Blog 32 Vietnam in Half Moon Bay (Gary)
Well, we have to stop at the nurseries. So here I sit. Actually I am enjoying the spot in which I sit. Cars are zooming by, but the air is clean. Across the road is a thick forest of bushes. I imagine trying to push my way into them and go anywhere. It would be like hiding in the jungles of Vietnam. Yes, I can still go there. How would I hide from the enemy? Thank God I enlisted in the Air Force instead of being drafted by the Army. Good decision, Plep. But what are you going to do when you have lost your driver's license? I couldn't chase girls and I was tired of digging ditches. Three years, eleven months, seventeen days, and a wake up (until discharge, but who was counting?). I can't walk The Hill today but at least I am still here to walk it. I am grateful for fate’s subtle shifts in direction.

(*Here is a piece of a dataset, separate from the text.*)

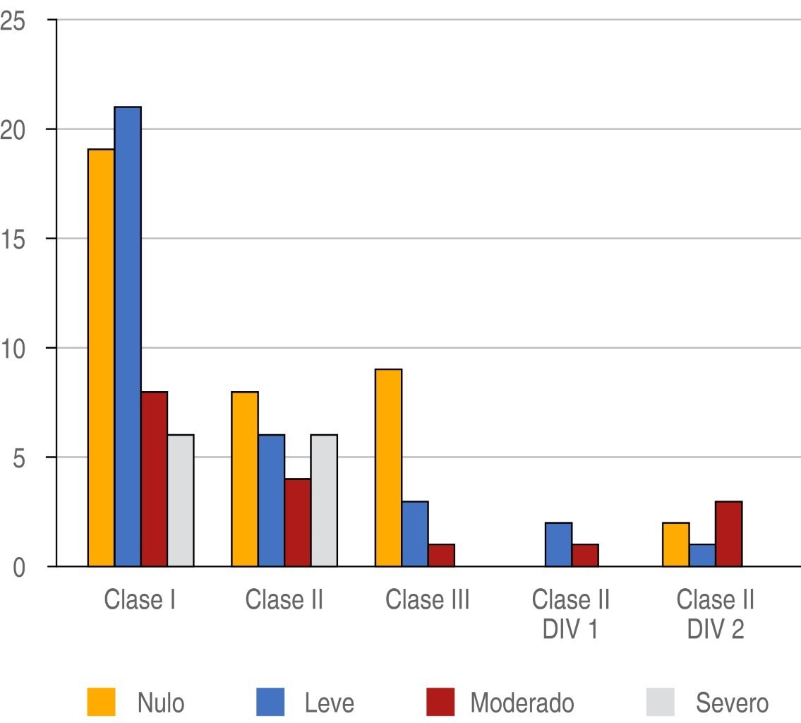 El grado de apiñamiento fue leve para la clase I, clase II, clase II división 1 y clase III; no obstante, para la clase II división 2 el grado de apiñamiento con mayor prevalencia fue el moderado. El grado de apiñamiento severo se encontró en la clase I y clase II, con un porcentaje de 6% para ambos casos. No se encontró una relación estadísticamente significativa entre el grado de apiñamiento y la maloclusión de acuerdo con la prueba χ2 (Figura 2).

The Long Journey Home (Gary)
No doubt my most direct contact with the ghosts of war happened to me while leading a Vision Quest wilderness experience. We had a base camp at the top of a ridge in the Ventana Wilderness of Big Sur, California. I picked this particular location to be removed from civilization.
I was milling around camp with my co-leader on a damp and quiet morning. I remember it as being slightly foggy and misty. I looked down the mountain simply to take in the always-gorgeous view. I was stunned and taken aback as I saw five Vietnamese carrying rifles on their shoulders and wearing the same garb as the Viet Cong, the traditional black pajamas and cone hats. My immediate thoughts were dark, and I was suddenly caught between two worlds. One I knew from being in a war in Vietnam, and the one in the present moment. I had to keep asking myself the question, “Are they here to kill me, or are they just civilians hunting for food?” Back and forth, back and forth, past to present, present to past. I wanted my gun and I didn't have it.
I watched them walk through the back of our campsite, and felt myself between two worlds of anticipation, trying to sort out reality. That was a scene I will never forget. I kept thinking, “How many of them can I get before they get me?”
Big breath.
The darkness stayed for a long time.